How to record Skype and Google Hangouts

I’m new to Audacity and I’m trying to figure out how to record Skype and Google Hangout sessions. I downloaded Sound Flower and Loopback to capture the audio from the hangouts but I can’t seem to find them in my applications. I’m just wondering what’s the method when it comes to recording audio for Skype and Google hangouts.

Thanks

what’s the method when it comes to recording audio for Skype and Google hangouts.

Stop using Audacity.

Audacity is not recommended for recording Skype, Chat, Conferences or Game Commentary.

That’s the bumper-sticker reply. It is totally possible to record all those things, but most people don’t want to invest in two computers, mixers, etc. Skype in particular is not gentle or graceful when it’s running and it’s usually a digital knife fight who’s going to win.

One solution is to get each person in the show to record their own microphone and send the sound files to you for mixing into the final production. Recording local microphone usually works (but not always).

Koz

If I can’t record podcasts off of Skype and Google Hangouts, what other alternative options do I have to capture the audio?

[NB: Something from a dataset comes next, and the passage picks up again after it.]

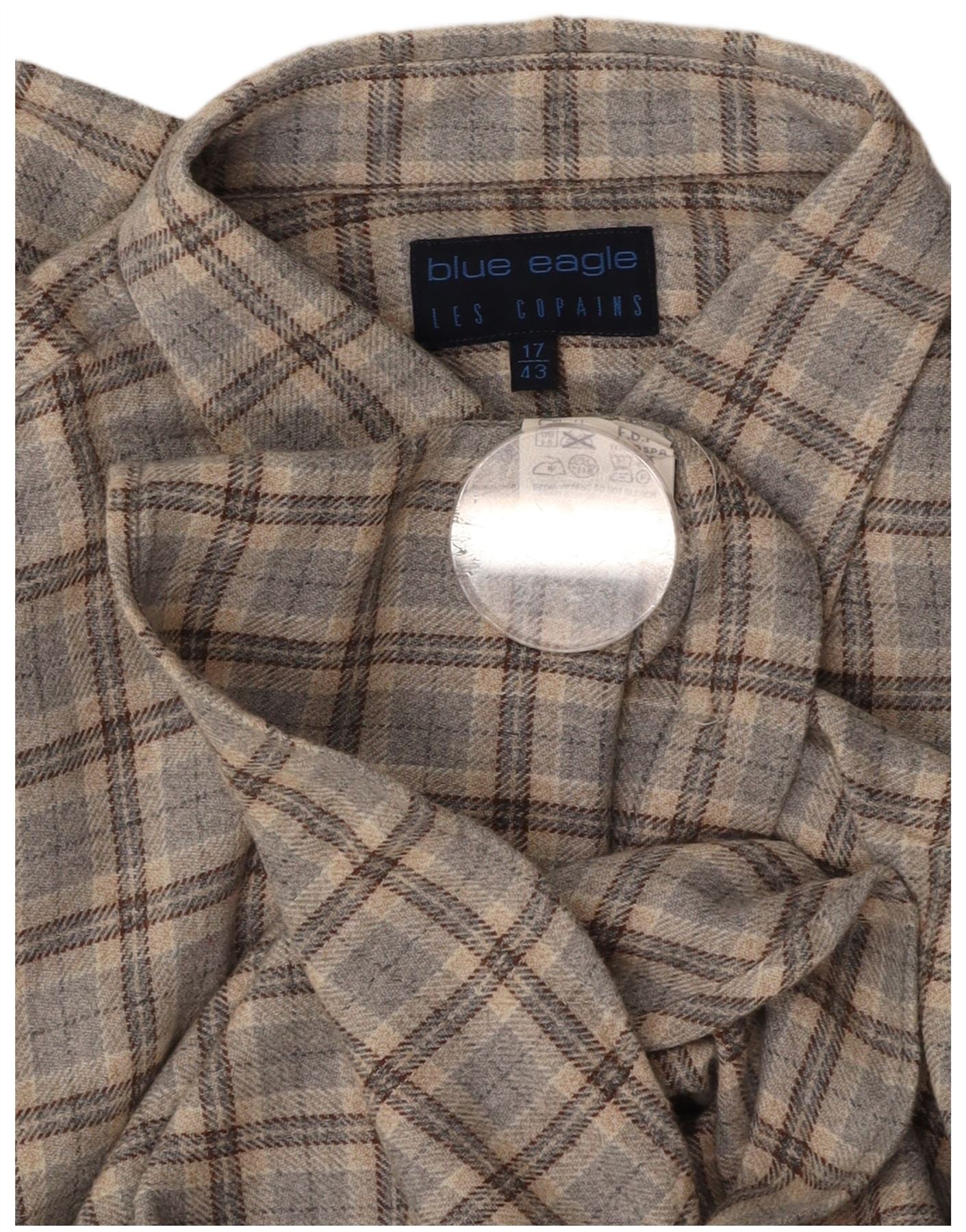 LES COPAINS Мужская фланелевая рубашка, размер 17 43 XL, серая клетка, хлопок

On Mac it is possible to record Skype or Google Hangouts by creating an “Aggregate device” in the Mac “Audio MIDI Setup”, and use SoundFlower as one input, and your physical audio device as another input. Although “possible”, there are a number of drawbacks:

  1. SoundFlower is obsolete, unsupported, and not always stable.
  2. Setting up a working Aggregate device with SoundFlower is not particularly easy, and is beyond the scope of this forum.
  3. Even if you get it all working, the sound quality of the remote voice is likely to be poor,
  4. You may find that the real device and SoundFlower “fight” with each other - with each trying to grab control of the aggregate device and blocking the other.

Alternative approaches:

There is a “Call Recorder for Skype” made by Ecamm.com ($40 US. Trial version available). I’ve not tried it, but I have seen it recommended by others. This will not solve the problem of poor sound quality from the “remote” end of the conversation, as that is limited by the Internet network.

It may be possible to record just your side of the conversation by setting Audacity to record from your microphone. The other side of the conversation would need to be recorded by the other person. Disadvantages of this approach are:

  1. Skype may block access to the mic, preventing Audacity from recording. This may produce an error in Audacity “Unable to open recording device”, or “Latency correction has cause the tracks to be hidden behind zero”, or simply Audacity recording just not starting. The only way to resolve this is to persuade Skype to not grab exclusive control of the recording device. This may or may not be a problem - we have no control over what Skype does.
  2. The two sides of the recording need to be manually “assembled”. Synchronizing the two recordings can be tricky.
    The advantage of recording the two sides separately is that the sound quality of the “other side” is not limited by the network.

Use one computer for Skype, and another computer (or cassette recorder, or iPhone, or MP3 reorder, or video recorder…) to record it.
In its simplest form this can be extremely easy. Just get Skype running using a headset mic and sound from your speakers, and set your mobile phone / MP3 recorder recording with its internal mic. This “simplest way” may have problems with echoes. More complex but better would be to run the recorder via a small mixing console so that you can use headphones to avoid echoes. This is similar to how radio stations record phone-ins.

Synchronizing the two recordings can be tricky.

If everybody is recording their own voice, you may find the voices drifting off sync because of minor timing differences between computers. Each one has their own digitizer.

The Hollywood movie people spend thousands to make sure all their recorders are in perfect sync while shooting a production.

I used the two computer technique because I had two. One new, one really old and a small mixer.

Koz

If you do get something working, do post back and tell how you did it. If it’s a reliable technique, you’ll be a hero.

Extra points if it works on Windows, Mac and Linux.

Koz

On Windows you can use VB-CABLE Virtual Audio Device (add manually many devices, not only one)
https://www.vb-audio.com/Cable/index.htm

On Mac and Windows you can use PulseAudio VC
https://en.wikipedia.org/wiki/PulseAudio
https://www.freedesktop.org/wiki/Software/PulseAudio/

here is manual https://youtu.be/0i4ekcGYWSE

I presume that you mean “Linux, BSD and Mac”?
There was a Windows port of PulseAudio, but I don’t think it has been actively developed in years (and last I heard it was quite buggy).

PulseAudio and Jack are both readily available for most Linux distributions, though I would not personally recommend either for Mac or Windows. Would you?

On Windows you can use VB-CABLE

And you know this because you use it regularly? I can do a Google search, too, but we know from multiple user postings that it’s just not that easy.

If you don’t use one of the hardware techniques, you’re at the mercy of Skype’s background configuration changes and service modifications. “This worked yesterday,” is a common phrase presented by people doing multi-point recording in one computer.

Even the highly respected, paid, Pamela recording software went face-first into the mud a couple of months ago when Skype did a service change and whacked Pamela off at the knees.